Deep in the bowels of the wonderful Estadio San Mamés on Saturday night stood Cian Healy, reflecting on his fourth European Champions Cup triumph as a player after Leinster’s 15-12 victory over Racing 92. No team, let alone an individual, has ever won five but, according to Healy, this side have barely started.
“The plan is to put a lot of stars on the shirt – not four, not five. I want to see Leinster grow and be dominant in Europe for years. The crop that are coming through … long after I’m gone they’ll hopefully be doing that.”
Hats off to Leinster after giving Racing’s beret brigade the boot | Paul Rees
It is easy to see where such confidence and optimism springs from. Not only do Healy’s team have seasoned gunslingers like himself and Johnny Sexton but they also have young players threatening to rewrite the laws of professional rugby gravity. James Ryan, the 21-year-old lock, has now played 21 senior matches for Ireland and Leinster and won them all, earning a Six Nations grand slam and Champions Cup medal in the process. With Ryan, Dan Leavy, Garry Ringrose, Robbie Henshaw and Jordan Larmour all 24 or younger, the future for Irish rugby is not so much bright as luminous.

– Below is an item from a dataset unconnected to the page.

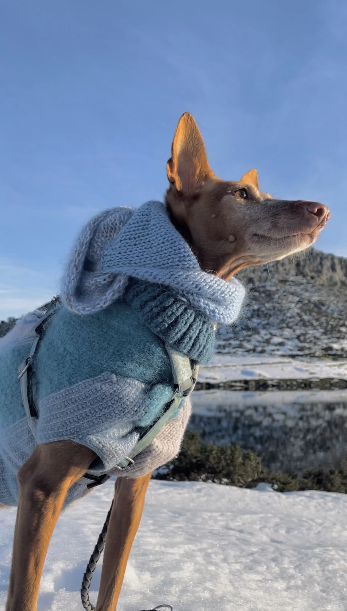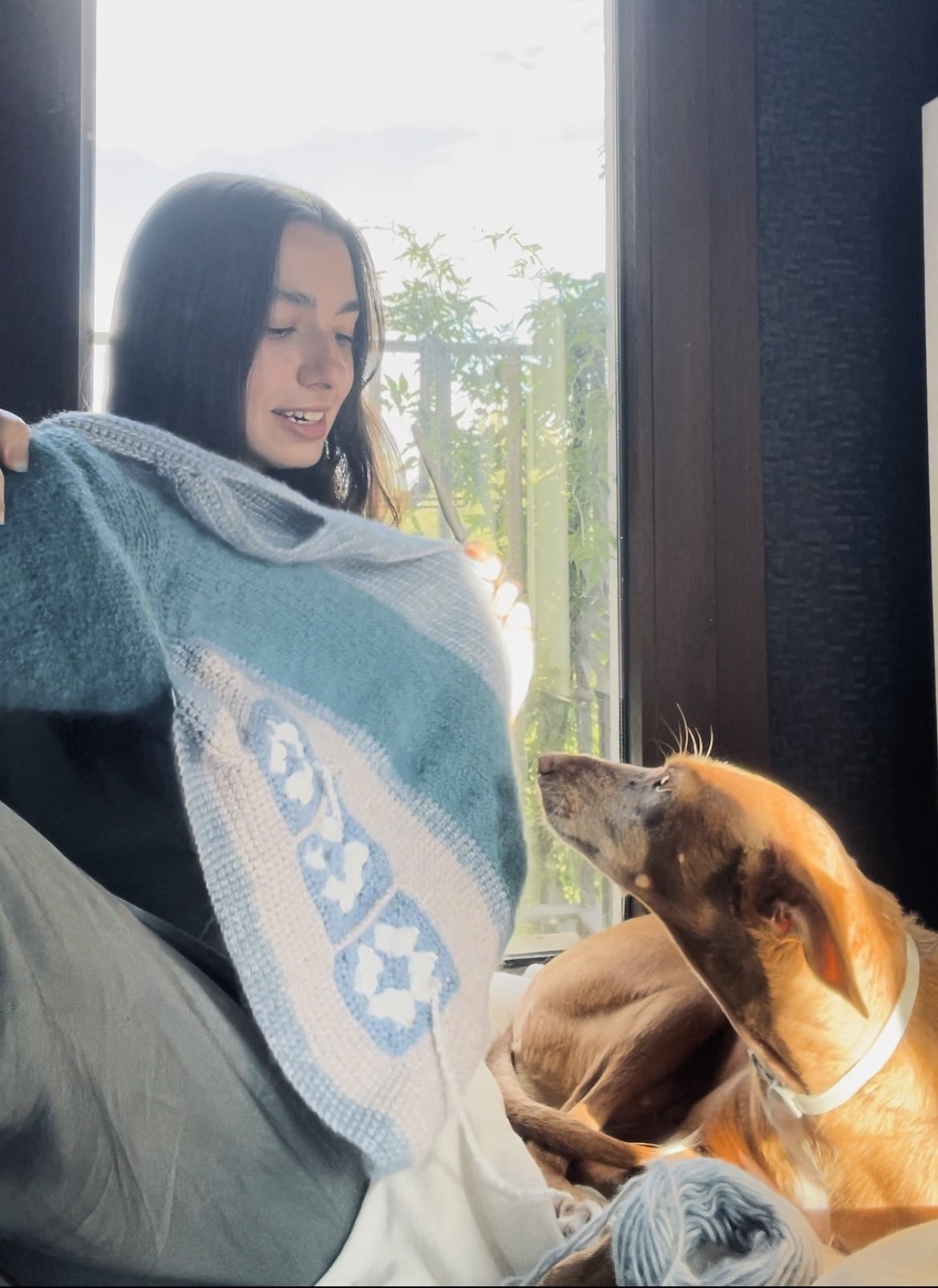 Antes de adoptar a Kiri me puse a buscar un arnés que fuera seguro para ella. Al Equipo de rescate Era y a las personas que consiguieron salvarla les había costado mucho atraparla. Me informé sobre los arneses de tres puntos antiescape. Éstos son los adecuados para perritos como Kirikú porque no pueden salirse de ellos cuando tienen miedo e intentan huir. Aprovechando los conocimientos que adquirí de diseño, patronaje, materiales y confección en la carrera de diseño de moda, decidí hacerle yo misma el arnés. Quería asegurarme de que las costuras fueran muy fuertes. Como nos íbamos a vivir a una aldea en el monte asturiano, también le tejí algunos jerséis. Y desde entonces Kirikú ha ido ampliando su armario con ropa y accesorios. Ella es la modelo y la que hace el control de calidad de todos nuestros productos. Durante más de un año hemos estado probando diferentes materiales y diseños para dar con el mejor.

Given they have already become just the second team in European club history to go through an entire nine-match campaign with a 100% record and also have a home Pro14 semi-final against Munster this Saturday, it hardly needed Healy to suggest that Ryan, in particular, could develop into a serious talent. “I first saw him at Clontarf and he was a string bean – skinny, tall, talented. When you see him step up to the plate it’s jaw-dropping. It’s a case of: ‘Hold on a second, he doesn’t look like he can do what he’s doing.’ It’s class. Eventually he’ll lose a game and we’ll pick him up and dust him off and send him out again.”
Equally fascinating to non-Irish eyes is the breakdown of Ryan’s 21 winning games: eight for Ireland, nine in this season’s Champions Cup and just four in the Pro14. His English equivalent would be playing far more league minutes, assuming he could oust the highly paid Kiwi or South African import ahead of him, and enjoying rather fewer restorative weekends off.
Credit also has to go to the coaches supervising the development of Ireland’s glittering young things. Leinster’s director of rugby, Leo Cullen, and his lead coach, Stuart Lancaster, are fortunate to have such exciting raw material at their disposal but very little of it goes to waste. “We want guys to play for Leinster and Ireland a long time, so we need to make sure we pick our battles with our guys,” stressed Cullen, as excited as anyone else by Ryan’s potential. “We are lucky to have him, he is a very special talent.”
The only slight cloud on Leinster’s horizon is the need to replace the retiring Isa Nacewa, another four-time European winner and perhaps the most underrated player of his generation. With Nacewa on the field his team rarely, if ever, look flustered and, appropriately, it was the captain who kicked the two crucial late penalties which finally floored Racing after Sexton had tweaked his groin and handed over the kicking duties.
Sexton and Nacewa kick Leinster to Champions Cup glory against Racing 92
If the first European final to be played on Spanish soil was not an expansive classic it was never less than thunderous. They love a bullfight in the Basque country and this nostril-flaring, head-down collision was not one for fragile matadors. Racing lost Dan Carter before kick-off to a hamstring strain, had their South African fly-half Pat Lambie hobble off with a knee injury which is set to rule him out for the rest of the calendar year and were also missing their linchpin Maxime Machenaud at scrum-half.
In the circumstances they could be proud of their efforts, undermined only by a late rush of blood by Teddy Thomas who, with the score locked at 12-12, tried to run the ball in his own 22 and gifted Leinster the position from which Nacewa landed the killer blow. “He [Thomas] is a young player and I hope this experience will be useful for him in the future with us and France,” muttered the Racing coach, Laurent Labit.
Leinster’s young players have no such issues and are also mature enough to know how to win ugly when required. Even Healy is not overly keen to watch a rerun – “I’ll keep a romantic view of it… it was like winning a fight without throwing a punch” – but he knows a proper rugby team when he sees one. Irish rugby, both at national provincial level, has never had it so good.